Data:
- - -

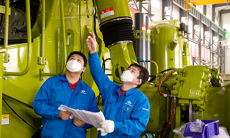 圖為北重集團北方股份一線員工趕制生產進度。
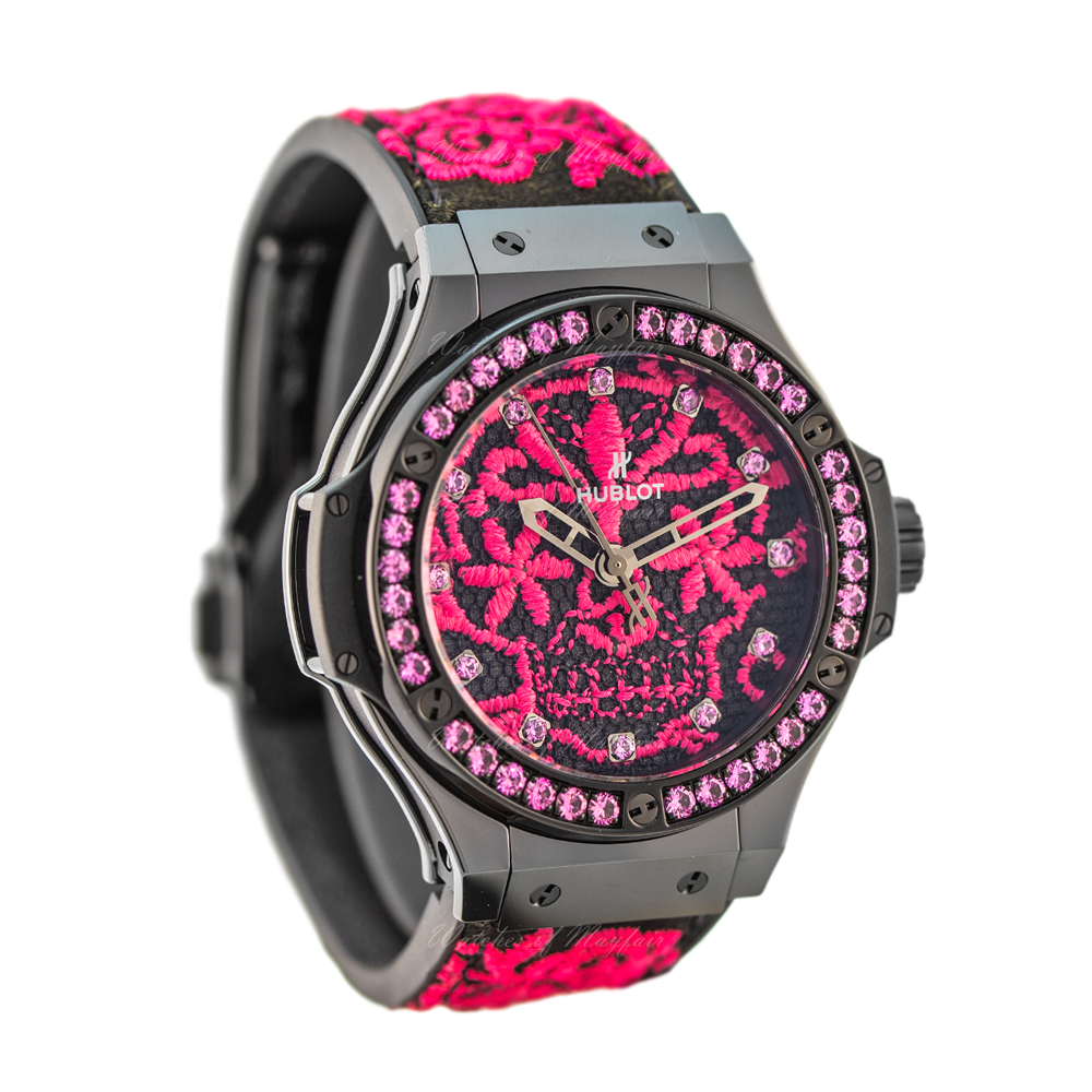 Điểm nhấn của sản phẩm đồng hồ Hublot nữ Fluo Hot Pink Limited Edition đó là được đánh bóng bằng gốm đen. Hơn nữa được đính thêm 36 viên Sapphire và cố định bằng 6 ốc Titanium hình chữ H đặc trưng.
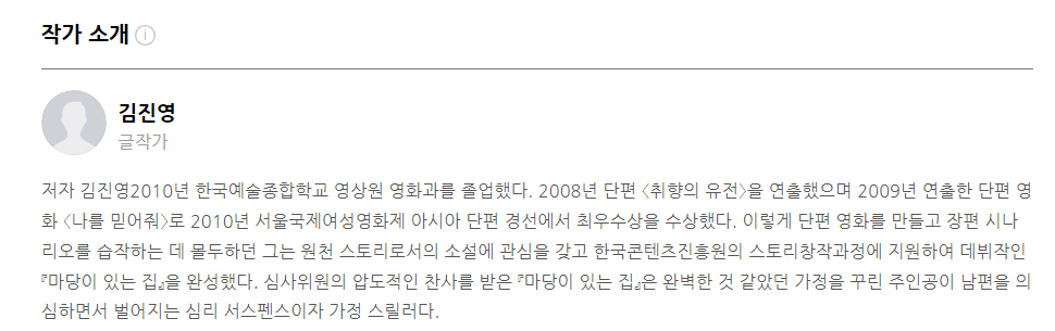 오늘은 강렬한 신인의 강렬한 데뷔작, <마당이 있는 집>의 줄거리를 소개해 드리려고 합니다. 드라마로도 제작되어 큰 사랑을 받은 만큼 한 번쯤 원작을 읽어보시는 것도 좋을 것 같습니다.

- - -

Any picture in the data is to be skipped, while each line is returned exactly as written.

Output for this exercise:
 圖為北重集團北方股份一線員工趕制生產進度。
 Điểm nhấn của sản phẩm đồng hồ Hublot nữ Fluo Hot Pink Limited Edition đó là được đánh bóng bằng gốm đen. Hơn nữa được đính thêm 36 viên Sapphire và cố định bằng 6 ốc Titanium hình chữ H đặc trưng.
 오늘은 강렬한 신인의 강렬한 데뷔작, <마당이 있는 집>의 줄거리를 소개해 드리려고 합니다. 드라마로도 제작되어 큰 사랑을 받은 만큼 한 번쯤 원작을 읽어보시는 것도 좋을 것 같습니다.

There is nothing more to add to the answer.